If you’re looking to boost your bass without taking up too much of your cargo space, you can choose a powered subwoofer.
A set of custom-fit WeatherTech floor liners will keep your Camry's carpets looking good.
Other options for your Camry
Here are some other great upgrade ideas for your Toyota Camry.
Floor mats to protect the interior
It's easier than you think to mess up your Camry's comfy interior while you're going about your daily business. Floor mats from WeatherTech will help protect your floors from dirt and damage.
SiriusXM satellite radio package
If you don't want to replace the factory radio, you can still add the versatility of satellite radio.
Block out road noise with sound deadening materials
The Dynamat Xtreme Door Kit is the perfect way to seal in sound. This heavy-duty insulating material is easy to install, and it really makes a difference. One kit will take care of your Camry's front doors. If you install a big subwoofer box, you might want to line the trunk lid as well.
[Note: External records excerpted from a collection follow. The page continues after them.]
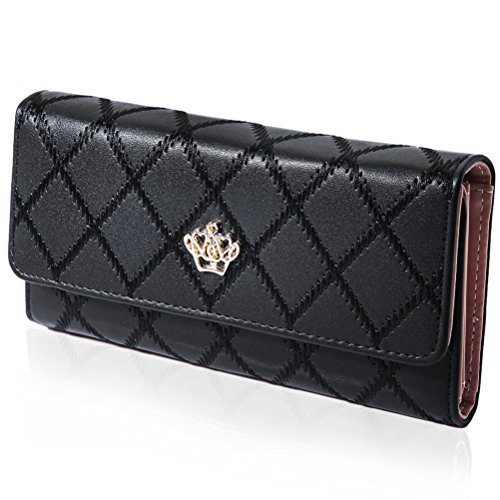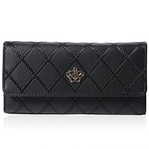 -. Title : Womens Leather Elegant Crown Wallet Clutch Long Purse
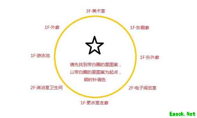 其中一个带有白色外圈,位置随机,以其为起点,按顺时针方向调整颜色,进入2F?平台,颜色顺序需依次进行。
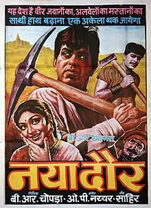 Naya Daur (transl. The New Era) is a 1957 Indian Hindi-language social drama film directed and produced by B. R. Chopra. It was written by Akhtar Mirza. It stars Dilip Kumar, Vyjayanthimala in lead roles, along with Ajit, Jeevan, Johnny Walker, Chand Usmani, Nazir Hussain, Manmohan Krishna, Leela Chitnis, Pratima Devi, Daisy Irani, Radhakishan form an ensemble cast. The film narrates the story of Shankar and Krishna, two best friends who fall for the same woman, Rajni.
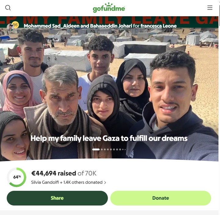 Il link nella biografia rimanda a una raccolta fondi sulla piattaforma GoFundMe, dove Mohammed spiega di voler portare in salvo la sua famiglia, composta da otto persone, attraversando il confine con l’Egitto tramite una compagnia di nome “Hala”, che gestirebbe le evacuazioni. Secondo quanto riporta nella descrizione della raccolta fondi, l’Egitto avrebbe regolamentato i costi di attraversamento pari a 5.000 dollari a persona. L’obiettivo della campagna di Mohammed per la sua famiglia è attualmente di 70 mila euro, di cui circa 44 mila già raccolti.
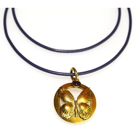 • Butterfly Pendant in Satin Antiqued Gold Plate Solid Brass with Amethyst Cabochon, on Lavender Rawhide.
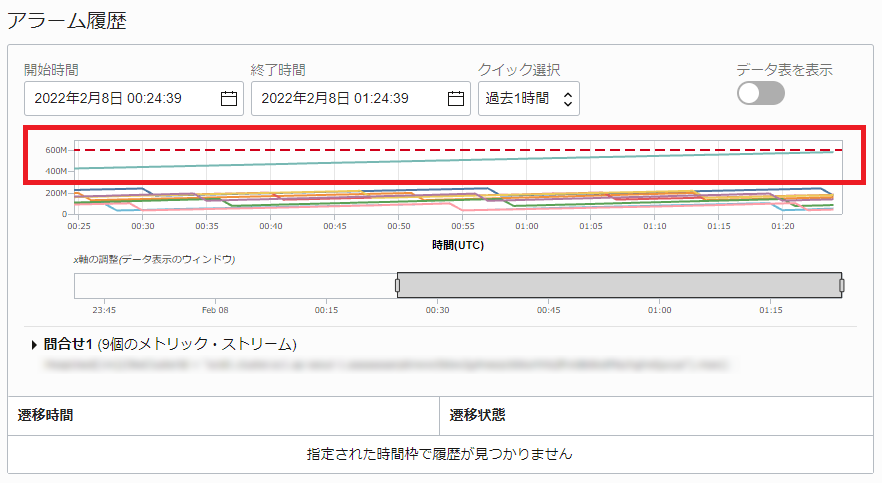 赤い破線が設定した閾値となります。この閾値を超えるとアラームが上がって、メールで通知されます。
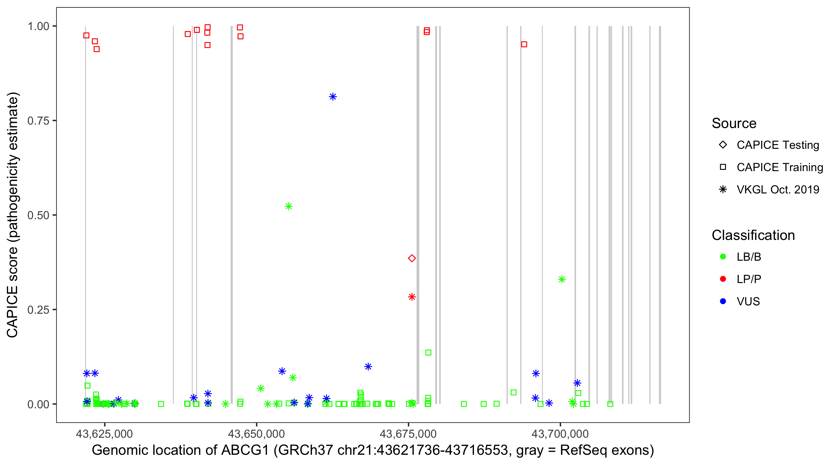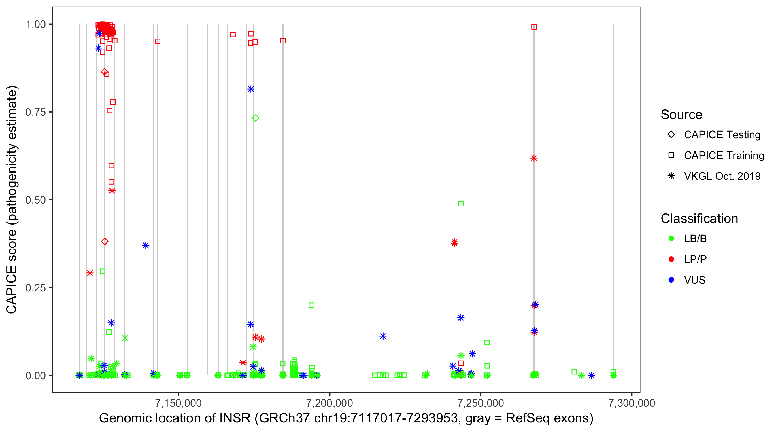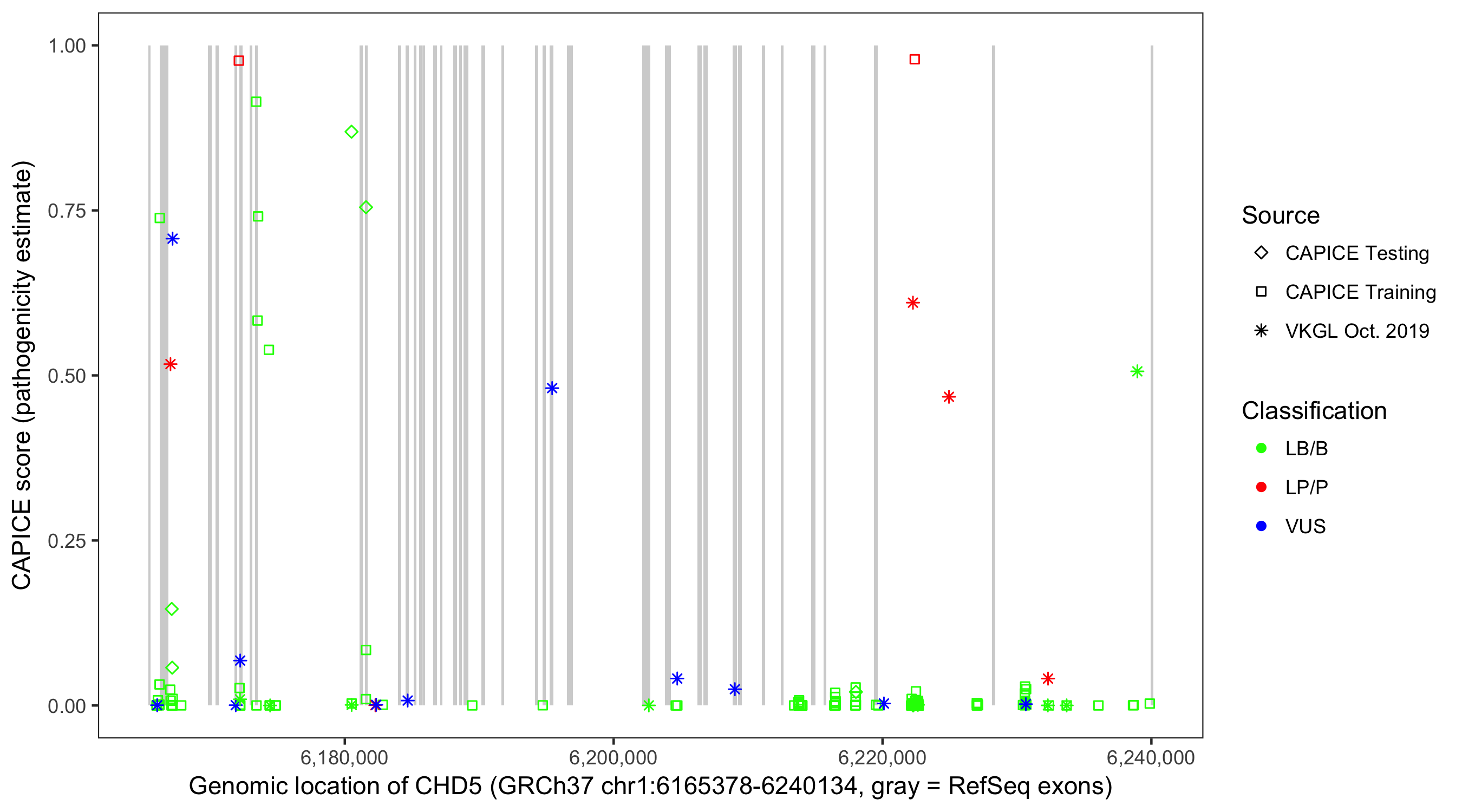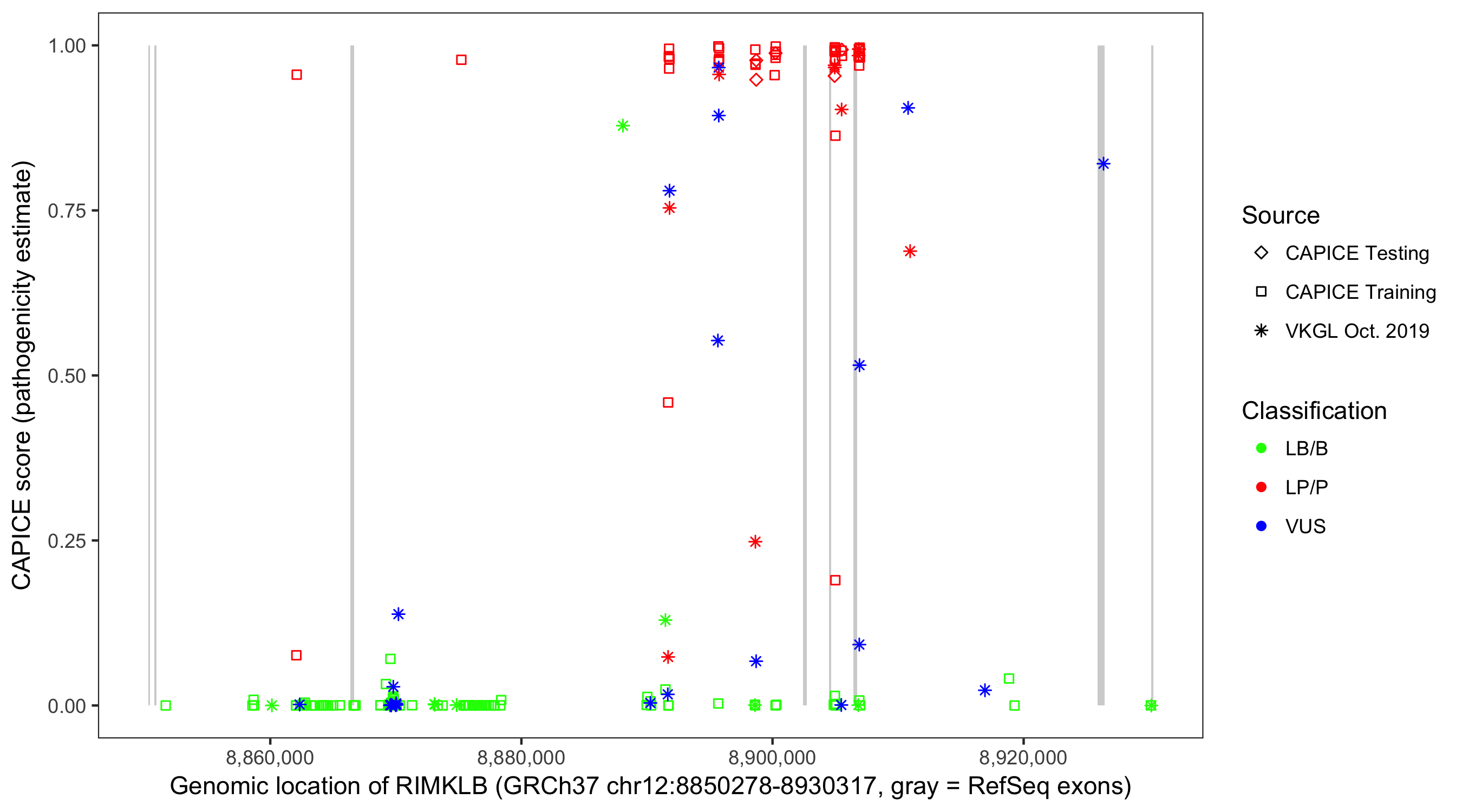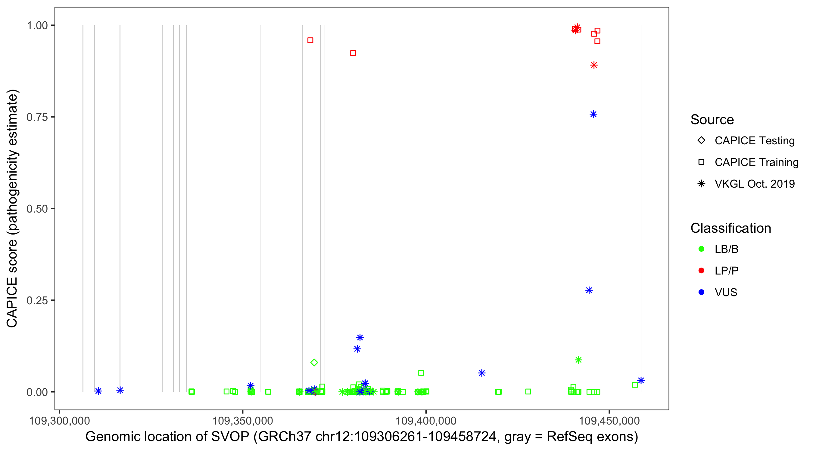 Shown are CAPICE train/test variants plus VKGL Oct 2019.

Remote start and security systems
Adding remote start capability to your vehicle lets you warm it up in the winter or cool it down in the summer. We ask that you call to order so that we can make sure you get the right harness for your ride.
You can also talk to your Crutchfield Advisor about a security system. They’re not as easy to install (we usually suggest letting a professional do the job), but we can help you choose a system that’ll work in your Camry.